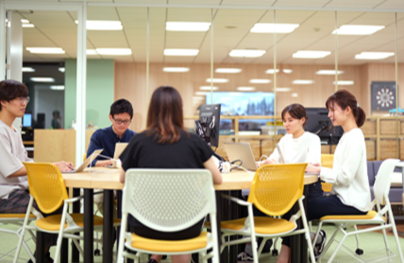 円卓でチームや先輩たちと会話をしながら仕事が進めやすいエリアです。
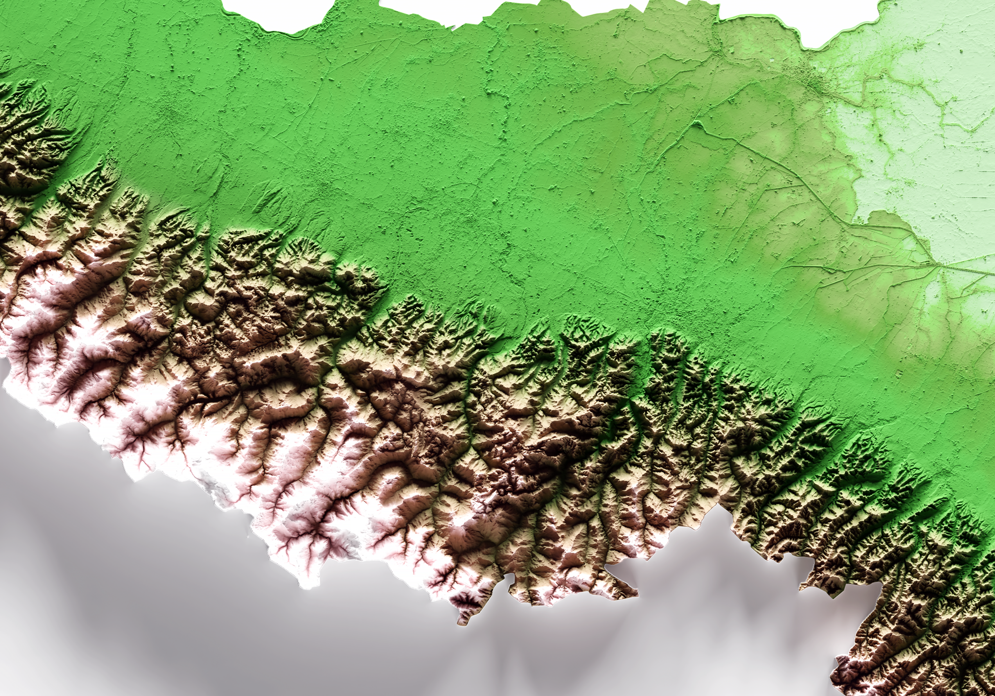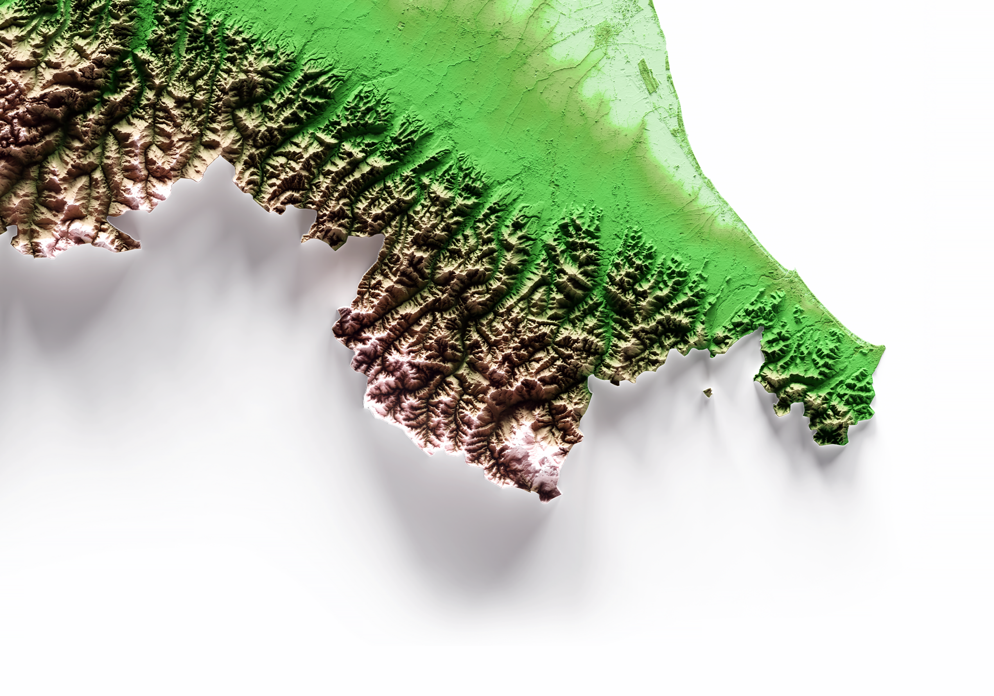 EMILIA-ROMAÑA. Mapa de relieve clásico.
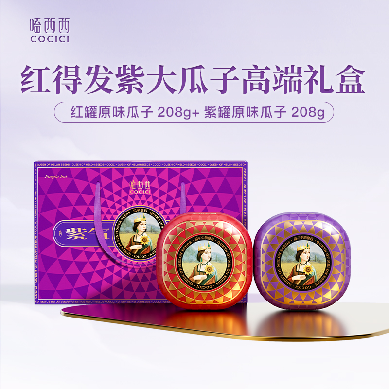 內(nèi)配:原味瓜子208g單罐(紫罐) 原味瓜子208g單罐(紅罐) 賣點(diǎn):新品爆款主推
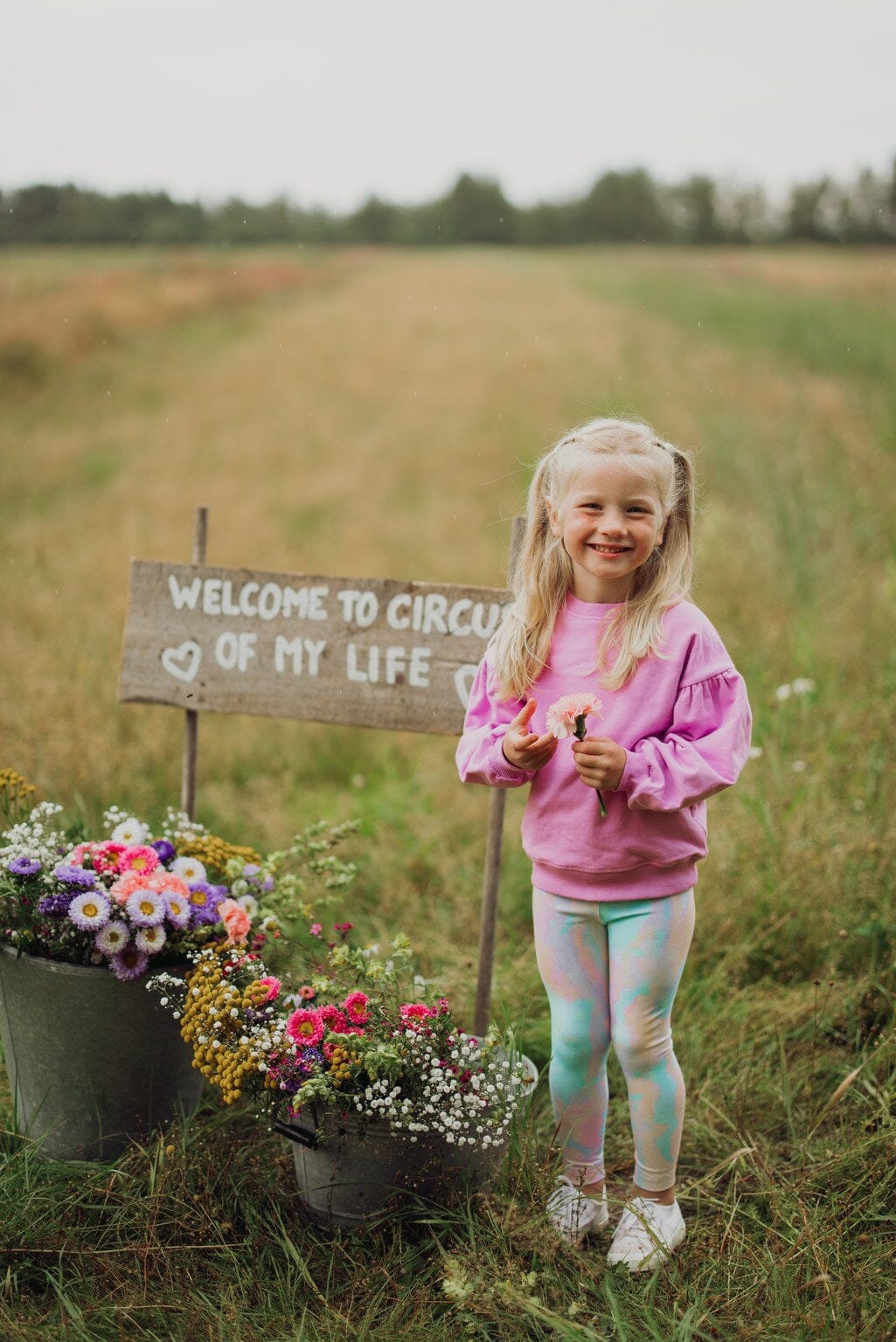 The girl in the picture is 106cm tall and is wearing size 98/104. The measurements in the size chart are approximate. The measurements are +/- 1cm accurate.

• [Work item]:
Copy out the whole listing exactly. Skip its pictures.

• [Exercise answer]:
 円卓でチームや先輩たちと会話をしながら仕事が進めやすいエリアです。
 EMILIA-ROMAÑA. Mapa de relieve clásico.
 內(nèi)配:原味瓜子208g單罐(紫罐) 原味瓜子208g單罐(紅罐) 賣點(diǎn):新品爆款主推
 The girl in the picture is 106cm tall and is wearing size 98/104. The measurements in the size chart are approximate. The measurements are +/- 1cm accurate.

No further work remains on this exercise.